Let $X_n$ be a metric space with metric $d_n$, for $n \in \mathbb{Z}_+$.

(a) Show that $$ \rho ( \mathbf{x}, \mathbf{y} ) = \max \left\{ \ d_1 \left( x_1, y_1 \right), \ldots, d_n \left( x_n, y_n \right) \ \right\} $$ is a metric for the product space $X_1 \times \cdots \times X_n$.

(b) Let $\bar{d}_i = \min \left\{ \ d_i, 1 \ \right\}$. Show that $$ D ( \mathbf{x}, \mathbf{y} ) = \sup \left\{ \ \bar{d}_i \left( x_i, y_i \right) / i \ \right\} $$ is a metric for the product space $\prod X_i$.

Here is the link to my Math SE post on Part (a).

Prob. 3 (a), Sec. 21, in Munkres' TOPOLOGY, 2nd ed: A Finite Cartesian Product Of Metrizable Spaces Is Metrizable

So here I will only be attempting Part (b).

My Attempt:

Part (b)

Let $B \colon= \prod_{i=1}^\infty U_i $ be an arbitrary basis element for the product topology on $\prod_{i=1}^\infty X_i$, where, for each $i \in \{ \ 1, 2, 3, \ldots, \ \}$, the set $U_i$ is a subset of $X_i$ such that $U_i$ is open in $\left( X_i, d_i \right)$, and $U_i \not= X_i$ for at most finitely many values of $i$; let $i \in \left\{ \ i_1, \ldots, i_n \ \right\}$ be the values of $i$ for which $U_i \neq X_i$. Let $\mathbf{p} \colon= \left( p_1, p_2, p_3, \ldots \right)$ be an arbitrary element of $B$.
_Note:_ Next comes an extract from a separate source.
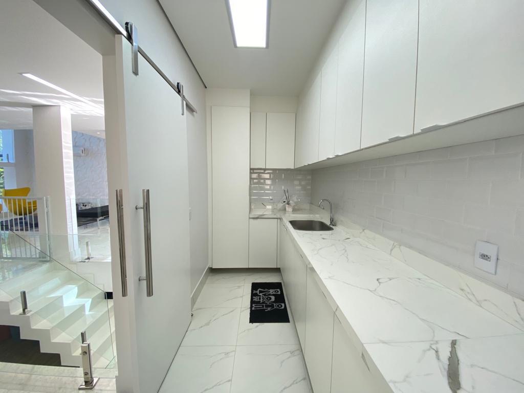 - Cozinha equipada com ilha em porcelanato e muitos armários

Then, for each $i \in \left\{ \ i_1, \ldots i_n \ \right\}$, $p_i \in U_i$ and $U_i$ is open in the metric space $\left( X_i, d_i \right)$, which implies that there is a real number $\delta_i > 0$ such that the set $$B_{d_i} \left( p_i, \delta_i \right) \colon= \left\{ \ x \in X_i \colon \ d_i \left( x, p_i \right) < \delta_i \ \right\}$$ is contained in $U_i$. Let us assume that $\delta_i \in (0, 1)$ for each $i \in \left\{ \ i_1, \ldots, i_n \ \right\}$.

Let $$\delta \colon= \min \left\{ \ \frac{\delta_{i_1}}{i_1}, \ldots, \frac{\delta_{i_n}}{i_n} \ \right\}.$$ Then $\delta > 0$ of course.

Moreover, if $\mathbf{x} \colon= \left( x_1, x_2, x_3, \ldots \right)$ is any point in $\prod_{i=1}^\infty X_i$ such that $$\mathbf{x} \in B_{D} ( \mathbf{p}, \delta ) \colon= \left\{ \ \mathbf{y} \in \prod_{i=1}^\infty X_i \ \colon \ D ( \mathbf{y}, \mathbf{p} ) < \delta \ \right\}, $$ then for each $i \in \{ \ i_1, \ldots, i_n \ \}$, we have $$ \frac{\bar{d}_i \left( x_i, p_i \right)}{i} \leq D ( \mathbf{x}, \mathbf{p} ) < \delta \leq \frac{\delta_i}{i}, $$ and so $$ \bar{d}_i \left( x_i, p_i \right) < \delta_i < 1, $$ and hence $$ d_i \left( x_i, p_i \right) = \bar{d}_i \left( x_i, p_i \right) < \delta_i,$$ which implies that $x_i \in B_{d_i} \left( p_i, \delta_i \right)$ and hence $x_i \in U_i$. So $\mathbf{x} \in B$. Moreover, $\mathbf{p} \in B_{D} ( \mathbf{p}, \delta)$.

Thus, we have shown that, for any basis set $B$ for the product topology on $\prod_{i=1}^\infty X_i$ and for any element $\mathbf{p} \in B$, there is a basis element $B^\prime \colon= B_{D} ( \mathbf{p}, \delta)$ for the $D$-metric topology on $\prod_{i=1}^\infty X_i$ such that $$ \mathbf{p} \in B^\prime \subset B. $$ Therefore the $D$-metric topology is finer than the product topology on $\prod_{i=1}^\infty X_i$.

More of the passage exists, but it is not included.